E atenção: Vai ser cobrada diárias de presos

O Governo holandês sabiamente decidiu adotar a mesma política de países como Dinamarca e da Alemanha e impor a seus presidiários o pagamento de 16 euros (50 reais) por dia por ficarem atrás das grades. O projeto de lei deriva dos acordos pactuados pela atual coalizão no poder, formada por liberais de direita e social-democratas, e busca duas coisas: obrigar o criminoso a assumir o custo de seus atos e poupar, concretamente, 65 milhões de euros (205 milhões de reais) em despesas judiciais e policiais. Na Holanda existem 29 presídios, sendo que deste total, 8 foram fechados por falta de presos. O Governo holandês diz que, o detento é parte integrante da sociedade, e se comete um delito tem obrigação de contribuir com os gastos inerentes. Enquanto isso, aqui no Brasil, presídios são construídos todos os meses, o detento raramente trabalha e sua família ainda recebe do Governo Federal uma ajuda de custo superior ao salário mínimo, ou seja, 982 reais por dependente. Foto: Ilustrativa. Fonte: www.Jornaldeitupeva.com.br

12 de maio de 2013

Lugar de mensaleiros é atrás das grades

Os embargos de declaração dos réus do mensalão que pedem diminuição da pena ou reversão da condenação não passam de tentativas dos condenados de fazer valer para eles a "lei da impunidade" que já beneficia a criminalidade em geral. Tem até lógica: se as cadeias, por força da Lei 12.404 sancionada por Dilma Rousseff em 2011 foram esvaziadas dos criminosos comuns, o que é que criminosos de colarinho branco, verdadeiras excelências... vão fazer agora lá dentro?

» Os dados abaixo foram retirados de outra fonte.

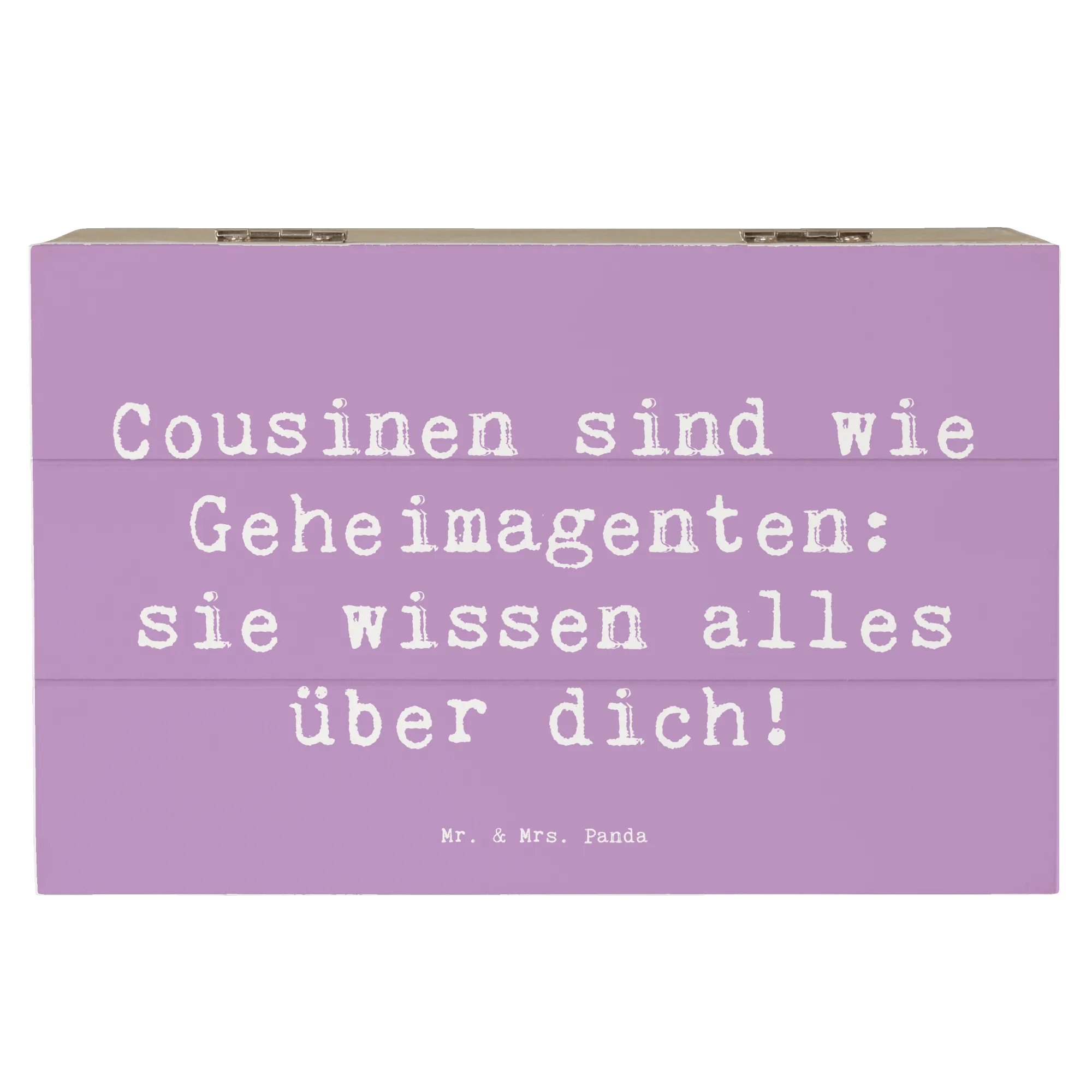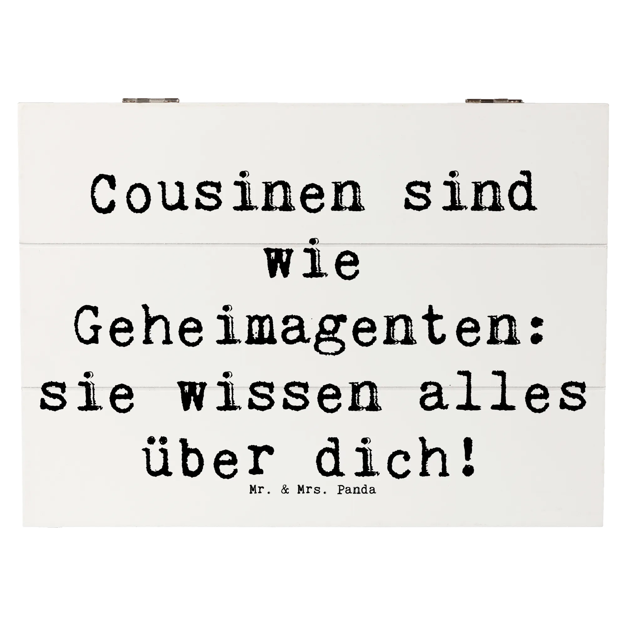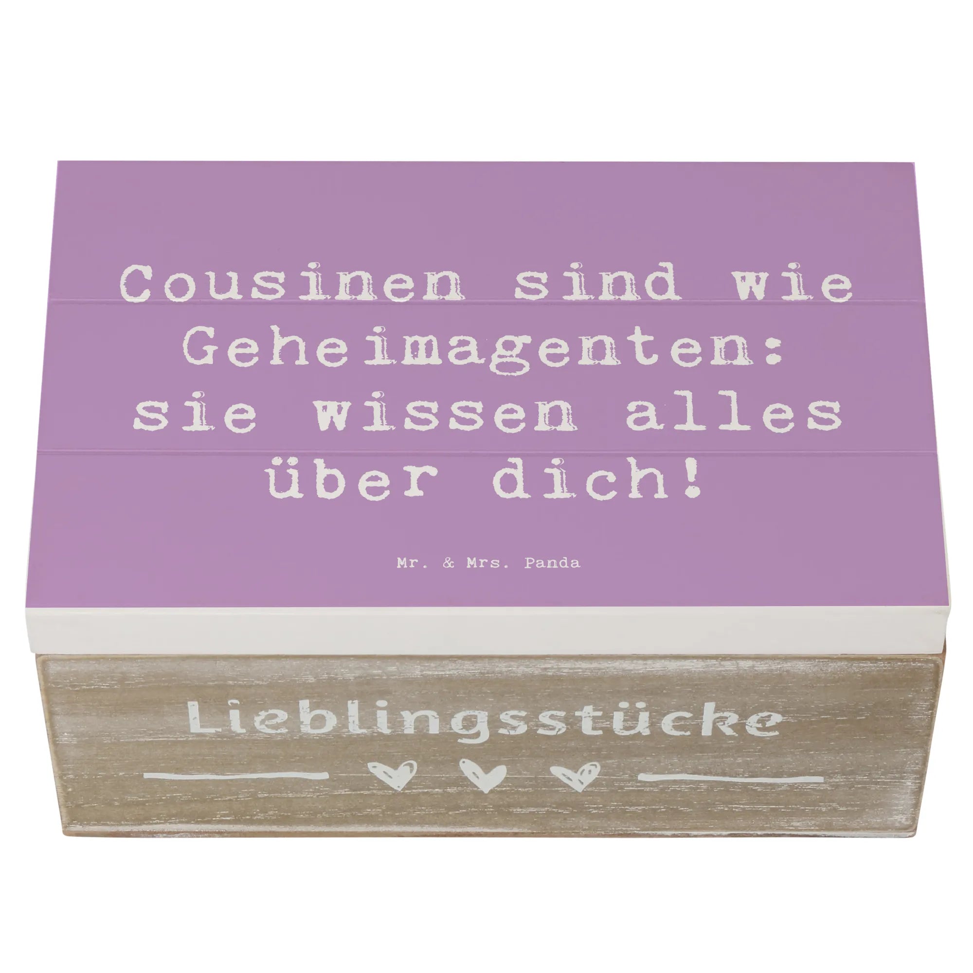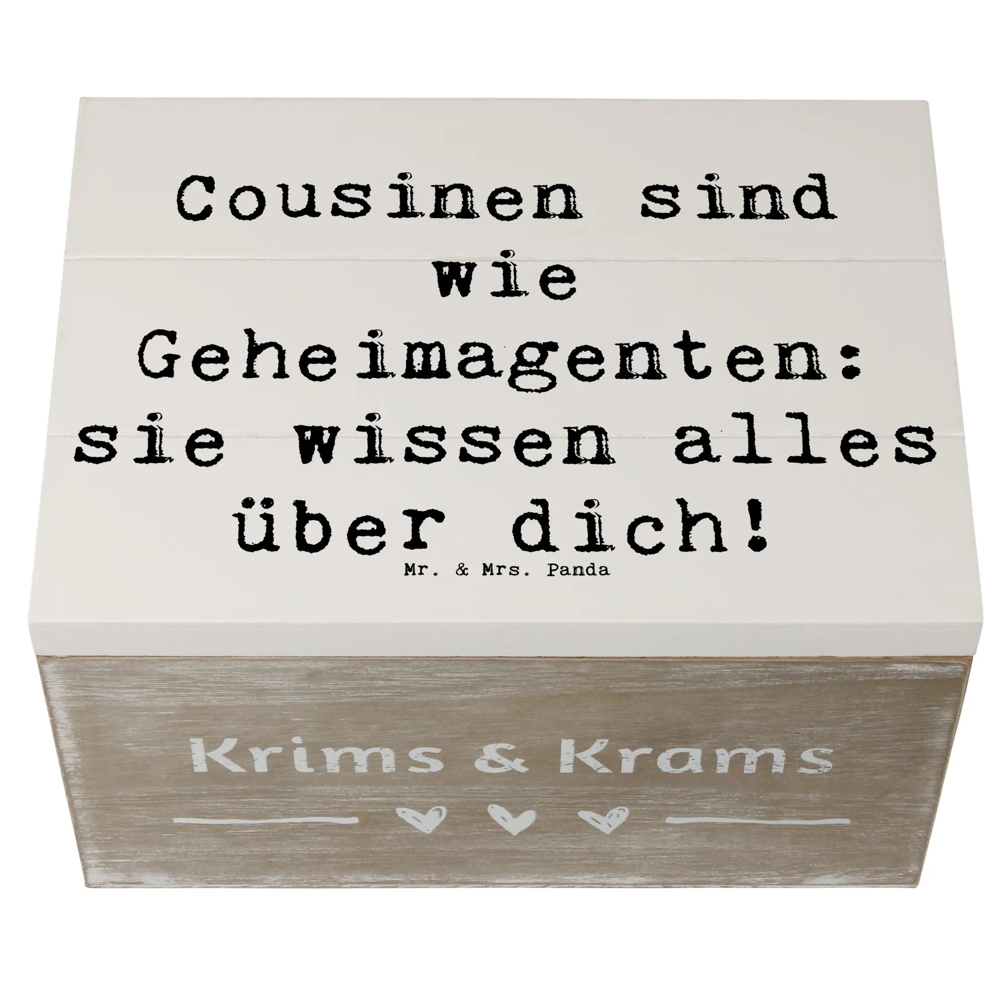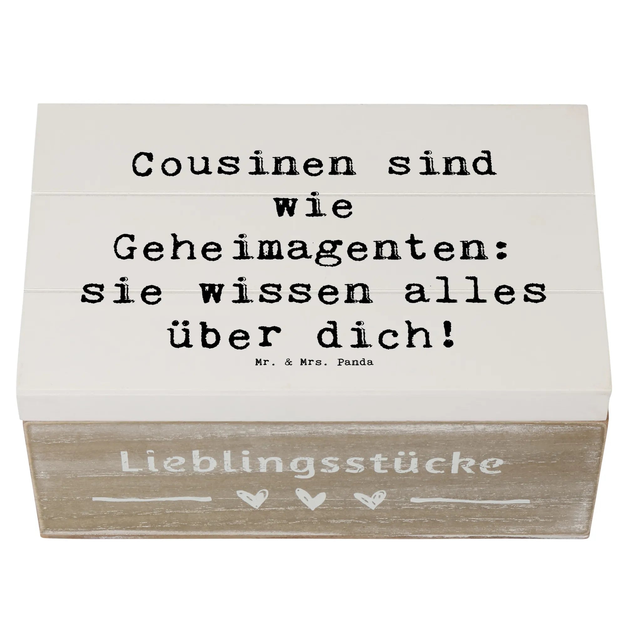 Die Holzkiste von Mr. & Mrs. Panda mit dem Spruch "Cousinen sind wie Geheimagenten: sie wissen alles über dich!" ist das perfekte Geschenk für deine Lieblingscousine oder deinen Lieblingscousin!

Os condenados querem a pena reduzida para assim escaparem do vexame de ir para traz das grades! Pois tudo o que nós, povo, queremos é ver a justiça sendo feita para "grandes"...criminosos deste país! Foto: Firmino Caetano Junior. Mara Montezuma Assaf. São Paulo/SP

2 de novembro de 2011

O caos no sistema carcerário de Pernambuco


"Sistema carcerário de Pernambuco é o pior do Brasil", diz magistrado do CNJ". Nem tudo é céu de estrelas ou mar de rosas. Os investimentos no sistema penal é incompatível com as necessidades dos cárceres espalhado por Pernambuco. O fato é Existe um amontoado enorme de pessoas presas em cadeias ou penitenciárias do estado, sem qualquer condição humana de tratamento, nem há nenhuma perspectiva de melhoria, nem a curto, médio ou longo prazo. O sistema já entrou em colapso a muito tempo. Mas mesmo assim, os custos que o estado gasta com cada detento é mais do que 10 salários mínimos, beirando aí os 26 mil reais. A pergunta é, Onde estão indo estes recursos? Quem está fiscalizando? Os detentos não tem nenhuma condição humana, tratados como bicho, sem qualquer esperança de recuperação. Como resultado, os presos voltam as ruas, quando terminam as penas, com muito mas periculosidade. E quem paga a conta? A própria sociedade. Onde está os Direitos Humanos? Onde está o direito do preso? O detento vai pagar sua pena, mas e quando terminar, será que estará preparado para voltar a convívio urbano? foto: web. Natanael Moraes. Petrolina/PE.